All eyes and admiring “ahhhs” were focused on the monster white-tailed deer beautifully mounted on driftwood. The dawning that a small boy dressed in camo owned the trophy took the noise level to an amazed buzz.
And 10-year-old Fisher James Whitlock of Bassett, Va., accepted the Best in Show Award for the 35th annual Dixie Deer Classic held Feb. 27 to March 1 at the State Fairgrounds. His nontypical whitetail scored 180 3/8 to highlight a Big Buck Contest with entries that were big in size but smaller in number this year.
Hunters from North Carolina and nearby states brought 385 deer for scoring, down from 617 in 2014, said Jim Hudson, spokesman for the Wake County Wildlife Club, which conducts the exhibition with hundreds of volunteers.
Volunteer Hal Atkinson scored Fisher’s 15-pointer, which Atkinson said Virginia biologists determined to be 5 1/2 years old.
“That young man’s got a great daddy to let him get that deer, I’m telling you,” Atkinson said, laughing. “…I was pleased the deer scored as well as it did. It almost made the Boone and Crockett (record) book, and it did make the book of the Longhunters Society, the National Muzzle Loading Rifle Association.”
Walking toward his stand in 71-degree weather on Dec. 11, Fisher saw the buck in a berry patch. He carefully set up from about 30 yards and fired his Knight muzzleloader, putting to use his years of target practice and previous long hunts with father Johnny.

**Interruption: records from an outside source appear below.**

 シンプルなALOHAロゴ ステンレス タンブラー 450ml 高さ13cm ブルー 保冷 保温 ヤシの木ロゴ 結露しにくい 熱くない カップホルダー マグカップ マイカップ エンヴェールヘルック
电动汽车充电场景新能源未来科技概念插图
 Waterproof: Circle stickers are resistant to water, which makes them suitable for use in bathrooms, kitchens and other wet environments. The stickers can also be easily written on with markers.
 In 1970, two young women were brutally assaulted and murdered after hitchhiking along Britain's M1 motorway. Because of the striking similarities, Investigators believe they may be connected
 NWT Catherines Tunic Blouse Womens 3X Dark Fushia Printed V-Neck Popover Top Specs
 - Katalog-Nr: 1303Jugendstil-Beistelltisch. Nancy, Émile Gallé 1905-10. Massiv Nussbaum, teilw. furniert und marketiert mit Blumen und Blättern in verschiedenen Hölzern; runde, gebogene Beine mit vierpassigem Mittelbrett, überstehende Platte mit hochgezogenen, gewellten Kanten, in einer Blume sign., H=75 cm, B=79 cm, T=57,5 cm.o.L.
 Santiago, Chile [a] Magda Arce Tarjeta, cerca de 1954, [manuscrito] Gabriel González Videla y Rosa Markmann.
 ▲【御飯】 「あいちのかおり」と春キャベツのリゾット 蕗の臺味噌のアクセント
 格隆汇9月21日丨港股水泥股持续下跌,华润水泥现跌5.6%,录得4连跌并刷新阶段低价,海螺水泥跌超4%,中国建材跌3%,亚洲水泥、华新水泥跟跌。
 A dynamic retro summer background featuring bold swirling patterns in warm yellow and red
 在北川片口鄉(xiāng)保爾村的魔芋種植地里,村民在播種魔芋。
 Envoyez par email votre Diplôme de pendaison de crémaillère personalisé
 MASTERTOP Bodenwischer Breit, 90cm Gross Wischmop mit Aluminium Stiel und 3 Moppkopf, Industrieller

Fisher said he has learned “that you’ve got to wait, just sitting in the woods so long.”
Disease and weather
Overall, the drop in entries is attributed to winter weather that kept attendance down slightly to about 19,500, a large acorn crop that allowed deer to stay hidden and an insect-borne disease that killed many deer over the summer and fall in areas including District 3, which includes Wake, Johnston, Nash and Franklin among its 11 counties.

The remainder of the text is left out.